Mash the chestnuts with some olive oil and the zest of 1 clementine.
Grate in 2 cloves of garlic to it, and mix very well.
Lay the pork out flat, skin side down.
Sprinkle with a little fennel salt.
Lay the prosciutto slices on top, tucking them into any crevices, and add some orange and lemon zest.
Smooth the chestnut mixture all across the prosciutto.
Grate over the lemon and the remaining clementine, and sprinkle more fennel salt. I had more clementine than lemon, and I think that worked well.

Roll the pork up, starting at the thicker end, then tie inexpertly with string.
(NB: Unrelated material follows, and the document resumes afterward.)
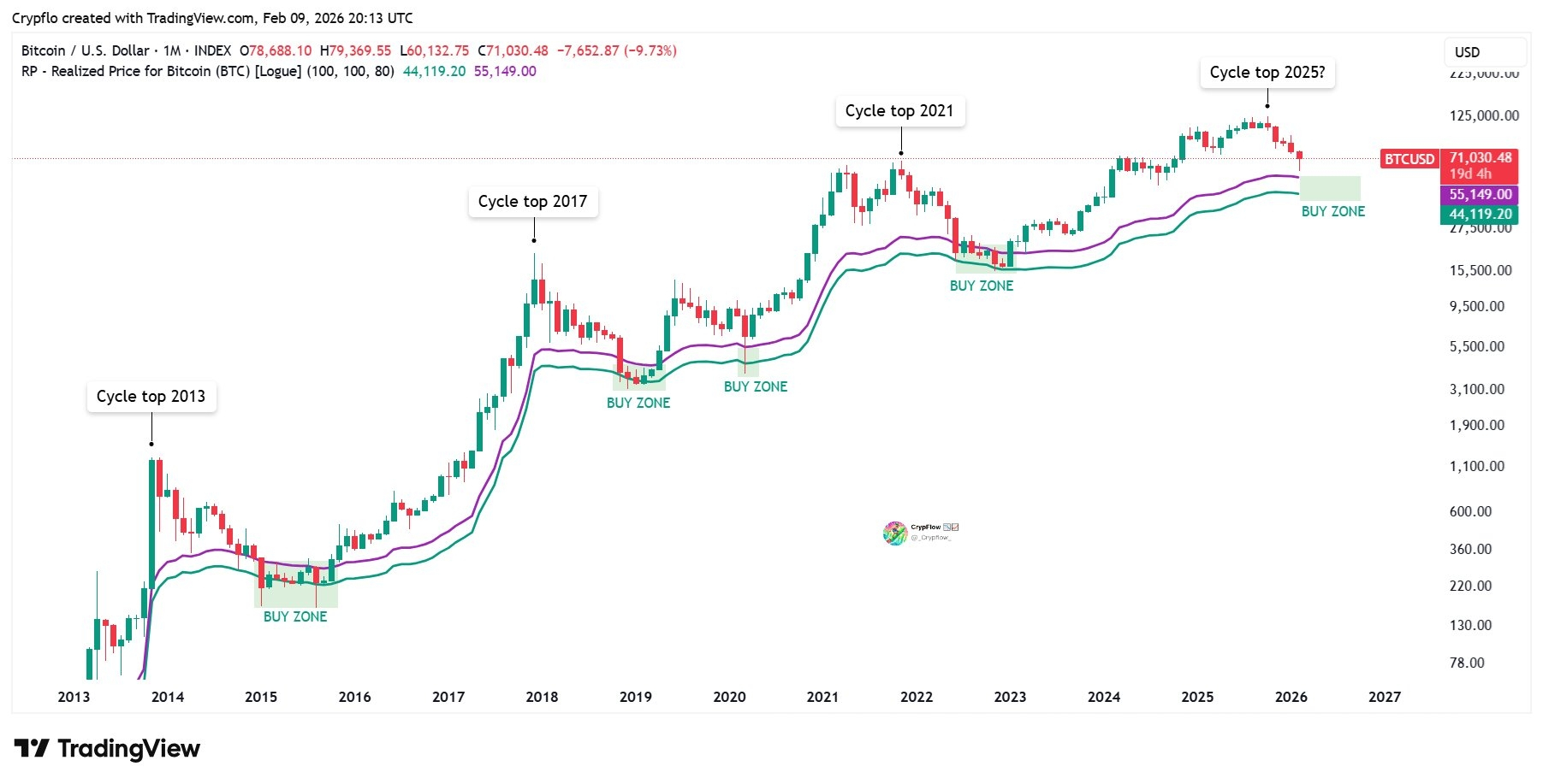 Ако се чудите дали Bitcoin е скъп или вече е "на промоция" – има един индикатор, който работи като часовник от 2013 г. насам. Казва се **Realized Price** (Реализирана цена).

Rub olive oil into the skin, then add some more fennel salt, rubbing it all over the skin and getting it into the cracks.
Place the rib bones into a roasting pan, sprinkle some fennel salt on to them and drizzle some olive oil so that they don’t stick to the pan. You want to eat them later!
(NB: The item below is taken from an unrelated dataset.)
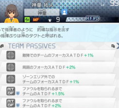 ●MFは神童がパッシブが優秀で強い ![]() MFは神童が強い、パッシブに「ファウルを取られるまでチームATDF+2%」が2つあるので優秀です |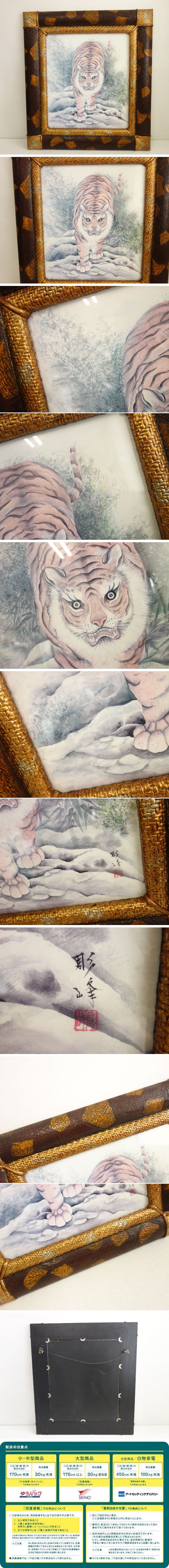 【中古】M▽彫峰 絵画 額縁 八方睨みの虎 落款 (39823) 收藏

Rest the rolled pork on top.
Roast for around 2 hours.
Test the internal temperature at 1 and 2 hours. (It needs to get up to 71C, so that will depend on how big your piece of meat is. My meat thermometer has turned into a bit of a godsend, I have to say.)
When the roast reached the correct internal temperature, I switched the oven to the grill setting, in order to crisp up the skin. That took about 5-10 minutes and possibly created a little smoke. [ahem]
Let it rest for at least 15 minutes still sat on the bones to let it relax a bit. Made it easier to get the string off too.
The prosciutto had crisped up inside, so it was a bit resistant to being carved, but I got a slice off in the end, and a really sticky, caramelised rib to have with it too. I served mine with roasted Jerusalem artichokes and honey glazed baby beetroots.
All in all, I call this a big success. The clementine zest works extremely well with the chestnuts and the fennel, and both work with the sweet meat. I’ll definitely do this again, and I am going to make sure to go back to the Turkish shop for more chestnuts. So much easier to buy them that way.
I think a bigger version of this would make quite an impressive centrepiece. Or a lot of leftovers, which is no bad thing.